▸ **Input records**:
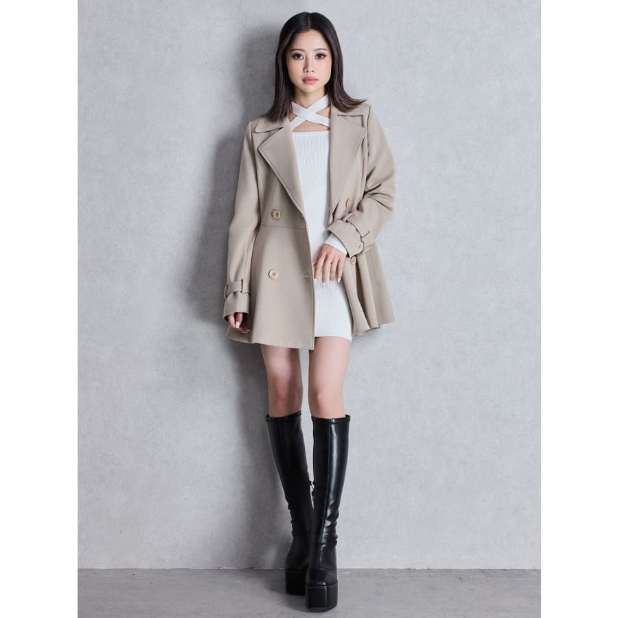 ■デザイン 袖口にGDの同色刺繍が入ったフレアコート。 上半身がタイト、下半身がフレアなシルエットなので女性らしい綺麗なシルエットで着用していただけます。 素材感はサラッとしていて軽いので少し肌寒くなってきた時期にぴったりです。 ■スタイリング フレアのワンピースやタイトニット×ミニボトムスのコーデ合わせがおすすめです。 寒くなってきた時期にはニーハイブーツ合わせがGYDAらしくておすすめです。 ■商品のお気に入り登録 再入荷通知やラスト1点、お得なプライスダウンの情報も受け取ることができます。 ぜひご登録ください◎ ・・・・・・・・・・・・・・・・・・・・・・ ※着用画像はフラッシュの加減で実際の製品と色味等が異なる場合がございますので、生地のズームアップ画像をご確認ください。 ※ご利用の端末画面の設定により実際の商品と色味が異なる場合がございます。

* * *

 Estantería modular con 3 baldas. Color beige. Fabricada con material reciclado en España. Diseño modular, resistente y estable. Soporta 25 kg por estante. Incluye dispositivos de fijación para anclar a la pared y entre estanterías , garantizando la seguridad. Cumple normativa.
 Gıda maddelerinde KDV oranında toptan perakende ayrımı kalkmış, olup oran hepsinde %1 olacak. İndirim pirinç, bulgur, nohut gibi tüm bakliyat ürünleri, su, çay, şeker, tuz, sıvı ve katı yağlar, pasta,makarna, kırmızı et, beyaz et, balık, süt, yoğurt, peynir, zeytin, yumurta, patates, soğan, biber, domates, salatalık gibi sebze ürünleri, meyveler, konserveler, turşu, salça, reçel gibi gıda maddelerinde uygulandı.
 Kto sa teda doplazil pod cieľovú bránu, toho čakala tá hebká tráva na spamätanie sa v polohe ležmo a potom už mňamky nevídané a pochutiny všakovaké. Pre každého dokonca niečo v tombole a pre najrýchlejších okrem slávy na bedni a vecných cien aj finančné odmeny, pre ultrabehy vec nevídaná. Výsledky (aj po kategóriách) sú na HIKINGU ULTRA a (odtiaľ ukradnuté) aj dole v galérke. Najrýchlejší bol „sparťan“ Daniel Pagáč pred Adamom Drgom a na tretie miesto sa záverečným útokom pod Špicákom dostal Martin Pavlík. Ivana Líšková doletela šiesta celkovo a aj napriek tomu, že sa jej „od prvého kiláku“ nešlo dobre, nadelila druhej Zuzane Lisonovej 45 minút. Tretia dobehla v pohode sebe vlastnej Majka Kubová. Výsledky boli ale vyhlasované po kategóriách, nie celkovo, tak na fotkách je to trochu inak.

--

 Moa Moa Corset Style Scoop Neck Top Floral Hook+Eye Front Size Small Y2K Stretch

▸ **What you have to do**: Precisely the lines between those holding "Estantería modular con" and "Gıda maddelerinde KDV", inclusive, are to be reproduced from the listing above, with nothing added.

▸ **Solution**:
 Estantería modular con 3 baldas. Color beige. Fabricada con material reciclado en España. Diseño modular, resistente y estable. Soporta 25 kg por estante. Incluye dispositivos de fijación para anclar a la pared y entre estanterías , garantizando la seguridad. Cumple normativa.
 Gıda maddelerinde KDV oranında toptan perakende ayrımı kalkmış, olup oran hepsinde %1 olacak. İndirim pirinç, bulgur, nohut gibi tüm bakliyat ürünleri, su, çay, şeker, tuz, sıvı ve katı yağlar, pasta,makarna, kırmızı et, beyaz et, balık, süt, yoğurt, peynir, zeytin, yumurta, patates, soğan, biber, domates, salatalık gibi sebze ürünleri, meyveler, konserveler, turşu, salça, reçel gibi gıda maddelerinde uygulandı.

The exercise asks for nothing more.